刚到京城,太医院的太医那是来了一遍又一遍,无不摇头扼腕,一副闻修瑾再也没得治的表情。
皇帝听见这个消息,那是“悲痛”不能自已,最后绞尽脑汁想出了个皇家独一无二的补偿——给断腿的闻修瑾找个贴心的媳妇。
但这可不是好找的。
无他,闻修瑾声名在外,只喜欢男人。
男人多的是,只不过,要一个身份地位都能昭示皇家恩宠的男人,那倒也是不容易。
正巧,今年开春,可算是让皇帝找到了个好人选——流落在外的七皇子,陈桁。
说起这个陈桁,那还是永康帝年轻时留下的风流债,
要说实话,永康帝早就不记得他妈长啥样了,但为着皇家血脉,到底是找了这么多年。只不过都没什么踪影,不成想今年给找到了,真是瞌睡来了递枕头。
其实这位永康帝也不是疯子,做不出强逼着儿子嫁给男人的事情。
但是,他的这位“素未谋面”的亲儿子,被找到的地方那可是大楚有名的男风馆啊!
据说还是个花魁......
永康帝自觉丢不起这个人,便牵了这根离谱的红线。
皇子嫁将军,门当户对。
既解决了一直以来的心腹大患,又眼不见为净,一举两得,这才有了今天这鼓乐喧天的景象。
说话间,花轿已经稳稳停在了将军府门口。
永康帝虽然不好意思说自己嫁子,但总也不好让闻修瑾嫁进皇家,索性特意整了个平婚的名头。
闻修瑾坐着花轿去接七皇子陈桁,二人再一起回将军府拜堂。
至于到底是嫁是娶,随他们自己说去吧。
如今两位新人皆是高堂不在,双双对拜,仪式便可以结束了。
喜婆也是第一次见这样的架势,不知道如何是好,只能万事马马虎虎过去。
闻修瑾被人从花轿扶到轮椅上,一抬头先是看见了自己夫人被腰带束着的腰。
——好细。
陈桁不是女人,身上穿的服制与闻修瑾一样,只不过部分花样有些区别。
就比如这腰带,考虑到闻修瑾腿脚不便,工匠制作的时候压根没给他做束腰。
但闻修瑾瞧着陈桁,只觉对方腰如束素,不盈一握。
喜婆看见两位新人一站一立,赶忙按着原先有的仪式进行。
跨火盆、跨马鞍,这些需要双腿协作的行为皆由七皇子陈桁完成,一直行到正堂,才算是让两人夫妻对拜。
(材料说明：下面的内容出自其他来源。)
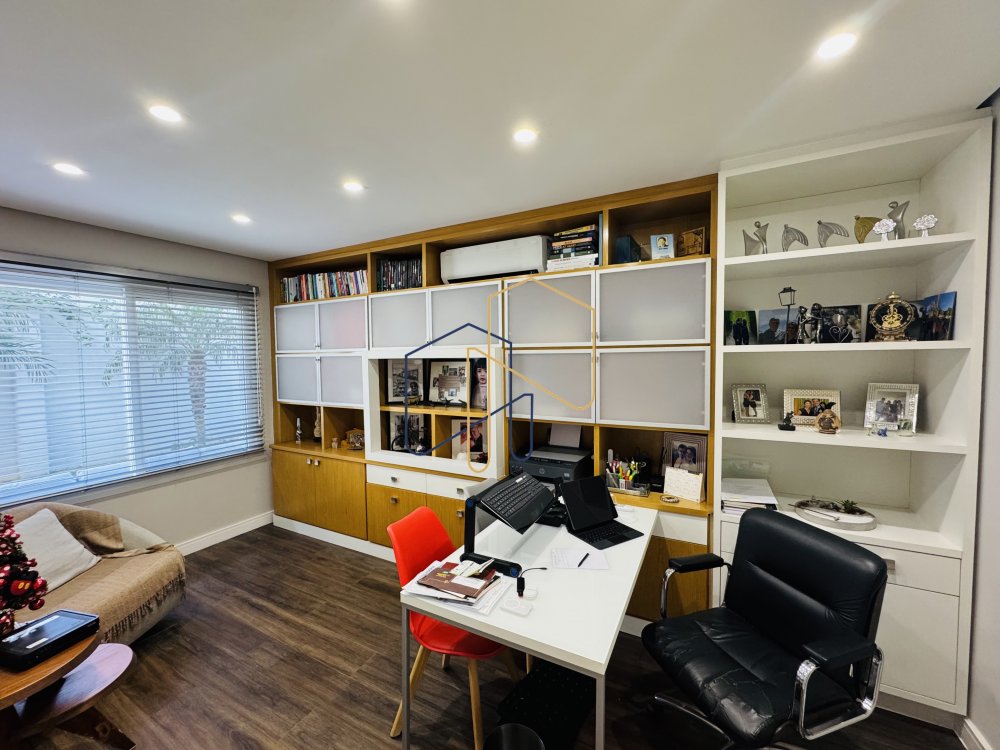 No térreo, a casa oferece uma ampla sala de visitas com lareira, integrada à sala de jantar e à cozinha aberta, criando um ambiente acolhedor e funcional. Um escritório espaçoso e uma sala de TV/cinema garantem conforto e praticidade. O andar também conta com lavabo, banheiro social, banheiro de serviço, quarto de apoio e garagem privativa para quatro carros, sendo três vagas internas com portão automático e uma externa.

于是,等闻修瑾从细腰中回过神来时,已经到了与陈桁对面而立的时候了。
也是这个时候,闻修瑾突然觉得,他这位“夫人”,身量还挺高的。
原先腿没受伤的时候,闻修瑾边关一众将士之中,身高虽不说鹤立鸡群,那也是佼佼者。
如今坐在轮椅上,需要仰头才能与陈桁对视,闻修瑾才觉得对方好像也不像他原来想的那样娇小。
不过还是很瘦弱,看着就没几两肉,闻修瑾心想。
一堆没什么用的仪式结束,闻修瑾总算是辗转回到了自己卧房,然后就看见自己床上坐着个人。
啊!!!
这里怎么有个人?
等等,这是好像是我夫人,那确实需要在这里。
还没等闻修瑾想到开口的方式,陈桁的声音已经进入闻修瑾耳朵里了。
“将军要休息了吗,我帮你宽衣?”
“等等!”
闻修瑾立刻开口拒绝,慌乱之中,根本没注意到陈桁陡然一暗的神色。
“怎么了,将军,是...不太喜欢我吗?”
陈桁的声音越发委屈,长睫低垂,似乎要落下泪来。
不是...你别哭啊。
闻修瑾看着陈桁的样子,越发觉得过意不去。
他想想自己这段时间听到的传闻,七皇子陈桁小时候跟着母亲受了不少苦,后来遭遇饥荒流落到醉春楼,要不是及时被皇帝找到,估计......结果刚被找回来就被强迫着嫁给自己这个残废,如此坎坷的命运。
唉!闻修瑾没来由地怜惜。
他抬头看了眼坐在床沿的陈桁,对方的发冠还没拆,但垂在肩头的黑发被鲜艳的喜服映着,在烛火之下更显光泽。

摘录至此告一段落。